In the Jupyter notebook above, we used the word counts for all words in the reviews to train the sentiment classifier model. Now, we are going to follow a similar path, but only use this subset of the words:

In [3]:
selected_words = ['awesome', 'great', 'fantastic', 'amazing',
                  'love', 'horrible', 'bad', 'terrible', 'awful',
                  'wow', 'hate']

**Use .apply() to build a new feature with the counts for each of the selected_words:** In the notebook above, we created a column ‘word_count’ with the word counts for each review. Our first task is to create a new column in the products SFrame with the counts for each selected_word above, and, in the process, we will see how the method .apply() can be used to create new columns in our data (our features) and how to use a Python function, which is an extremely useful concept to grasp! 

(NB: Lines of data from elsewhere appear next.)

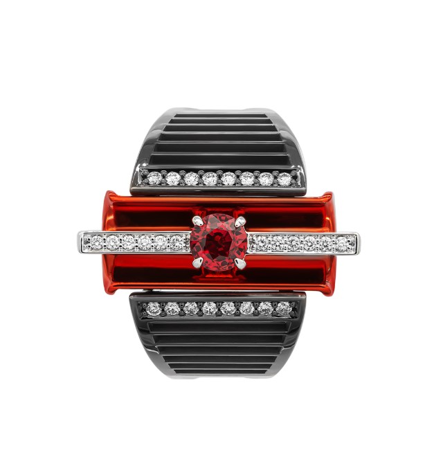 Кольцо из белого золота c бриллиантами, родолитом и танзанитом
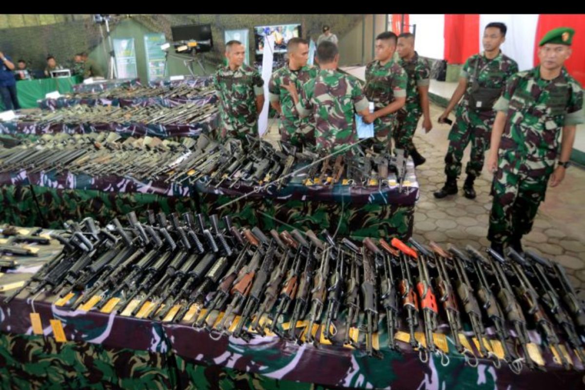Prajurit TNI Kodam Iskandar Muda berdiri di samping deretan berbagai jenis senjata api saat kunjungan Kepala Staf Angkatan Darat (Kasad) Jenderal TNI Andika Perkasa di Banda Aceh, Kamis (29/8/2019). Sebanyak 118 pucuk senjata api laras panjang dan laras pendek termasuk senjata rakitan sisa konflik Aceh tersebut diserahkan warga secara sukarela kepada TNI di Aceh. ANTARA FOTO/Ampelsa/nym.
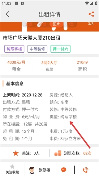 4、进入出租详情页面后,能够查看房源的租金、面积、装修等基本信息,了解该写字楼出租的详细内容。
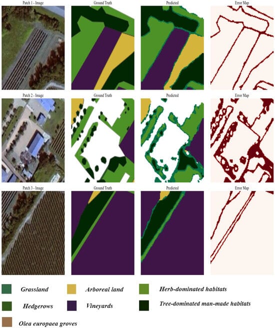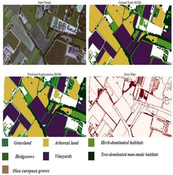 This figure illustrates the original image, the ground truth mask, the final segmented image mask obtained by applying a trained model, and the error map. The model segments the large image into patches, generates predictions for each patch, and seamlessly stitches the segmented patches together to reconstruct the predicted mask for the entire large image. The colors represent different land cover classes: green for grasslands, yellow for arable land, medium-dark green for herb-dominated habitats, purple for vineyards, black for tree-dominated man-made habitats, and brown for Olea europaea groves.
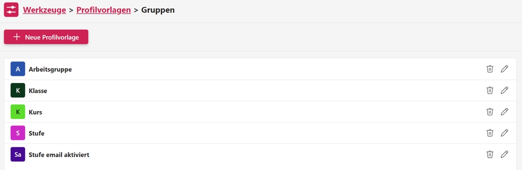 Über die Kachel Gruppe (siehe Abbildung 7) gelangen Sie zu den Profilen der Gruppe (siehe Abbildung 13). Diese ist dabei ähnlich aufgebaut wie die Übersicht der Benutzerprofile, und auch hier hat AixConcept bereits Gruppenprofile erstellt, die sich in der Praxis als sinnvoll erwiesen haben.
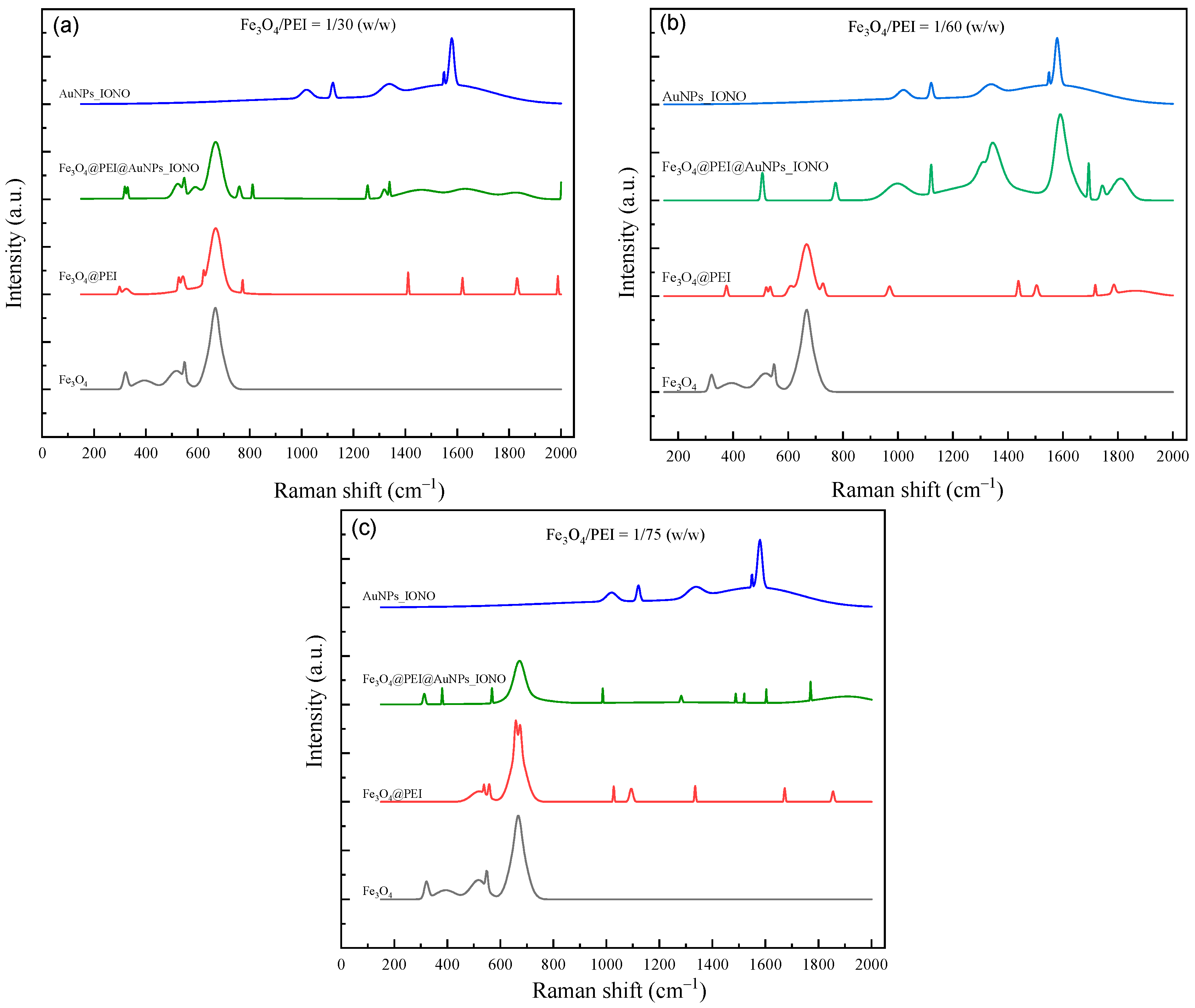 3.1. Structural Characterization of Raspberry-like Fe3O4@PEI@AuNPs and Ionophore Modification
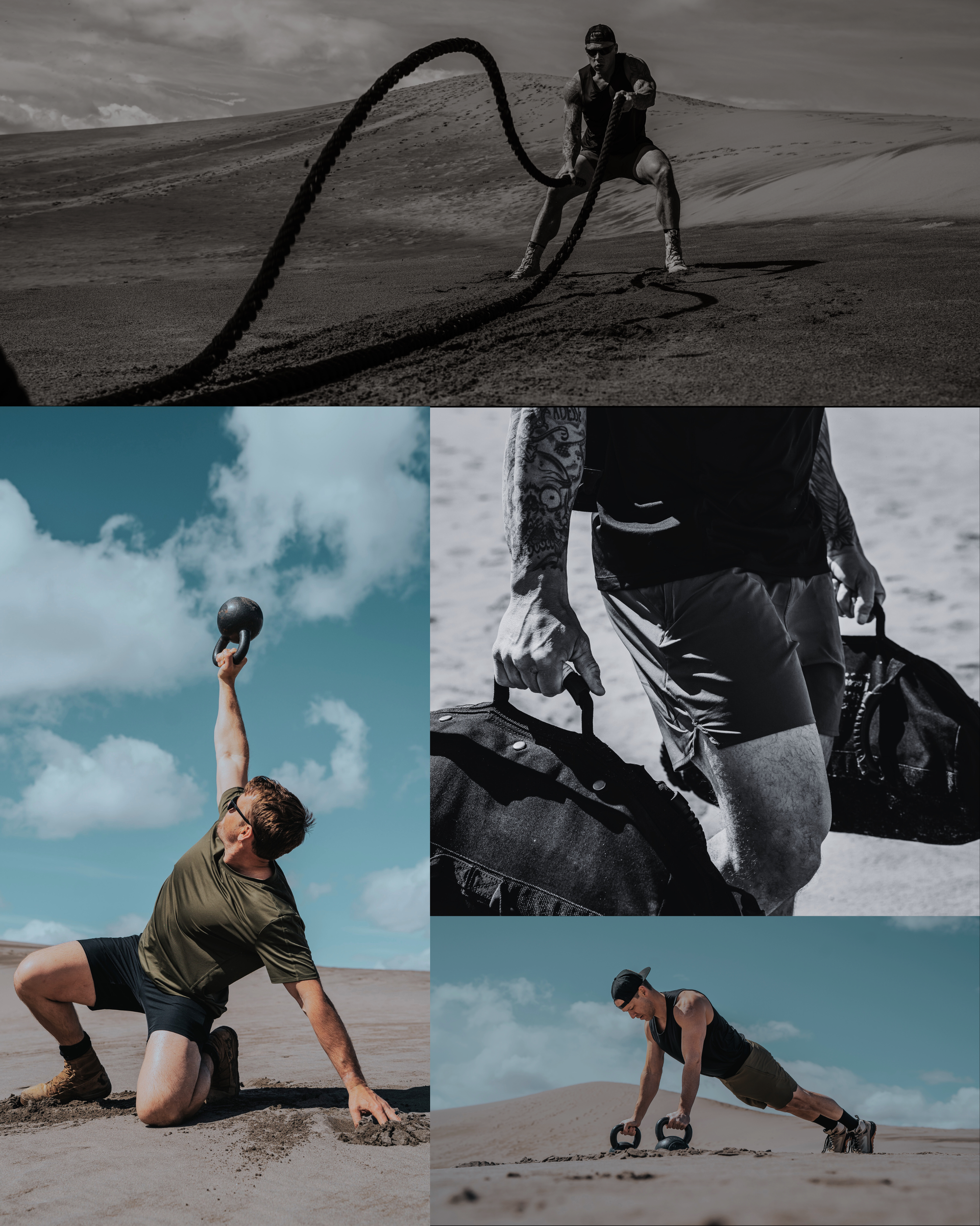 The combination of soft sand, relentless heat, and open challenge struck a familiar chord, echoing experiences from my time in the military. It drew us here to put our gear to the ultimate test. With heavy ropes, sandbags, and kettlebells in tow, we assembled a team of current and former military personnel alongside a select group of civilian endurance athletes to train together in this environment.

Our first goal is to create a column products[‘awesome’] where each row contains the number of times the word ‘awesome’ showed up in the review for the corresponding product, and 0 if the review didn’t show up. One way to do this is to look at the each row ‘word_count’ column and follow this logic: 

+ If ‘awesome’ shows up in the word counts for a particular product (row of the products SFrame), then we know how often ‘awesome’ appeared in the review, 
+ if ‘awesome’ doesn’t appear in the word counts, then it didn’t appear in the review, and we should set the count for ‘awesome’ to 0 in this review.
+ First, you will use a Python function to define the logic above. You will write a function called awesome_count which takes in the word counts and returns the number of times ‘awesome’ appears in the reviews.
+ Next, you will use .apply() to iterate awesome_count for each row of products[‘word_count’] and create a new column called ‘awesome’ with the resulting counts.
+ Repeat this process for the other 11 words in selected_words. (Here, we described a simple procedure to obtain the counts for each selected_word. There are other more efficient ways of doing this, and we encourage you to explore this further.)
+ Using the .sum() method on each of the new columns you created, answer the following questions: Out of the selected_words, which one is most used in the dataset? Which one is least used? Save these results to answer the quiz at the end.

In [4]:
data['word_count'] = tc.text_analytics.count_words(data['review'])

In [5]:
for word in selected_words:
    data[word] = data['word_count'].apply(lambda counts: counts.get(word, 0))

In [6]:
sum_values = {}
for word in selected_words:
    sum_values[word] = data[word].sum()

In [7]:
print(f'Most used word:  {max(sum_values, key=lambda k: sum_values[k])}')
print(f'Least used word: {min(sum_values, key=lambda k: sum_values[k])}')

Most used word:  great
Least used word: wow


**Create a new sentiment analysis model using only the selected_words as features:** In the Jupyter Notebook above, we used word counts for all words as features for our sentiment classifier. Now, you are just going to use the selected_words:
+ Use the same train/test split as in the Jupyter Notebook from lecture
+ Train a logistic regression classifier (use turicreate.logistic_classifier.create) using just the selected_words. Hint: you can use this parameter in the .create() call to specify the features used to be exactly the new columns you just created
+ You will now examine the weights the learned classifier assigned to each of the 11 words in selected_words and gain intuition as to what the ML algorithm did for your data using these features. In Turi Create, a learned model, such as the selected_words_model, has a field 'coefficients', which lets you look at the learned coefficients.
+ Using this approach, sort the learned coefficients according to the ‘value’ column using .sort(). Out of the 11 words in selected_words, which one got the most positive weight? Which one got the most negative weight? Do these values make sense for you? Save these results to answer the quiz at the end.

In [8]:
# Sentiment based on review starts
# Remove undefined sentiment
data = data[data['rating'] != 3]
# Positive sentiment 4- 5-star reviews
data['sentiment'] = data['rating'] >= 4

In [9]:
train_data, test_data = data.random_split(0.8, seed=0)

In [10]:
selected_words_model = tc.logistic_classifier.create(train_data,
                                                     features=selected_words,
                                                     target='sentiment',
                                                     validation_set=test_data)

In [11]:
selected_words_model.coefficients.sort('value', ascending=False) \
    .print_rows(num_rows=selected_words_model.coefficients.shape[0],
                num_columns=selected_words_model.coefficients.shape[1])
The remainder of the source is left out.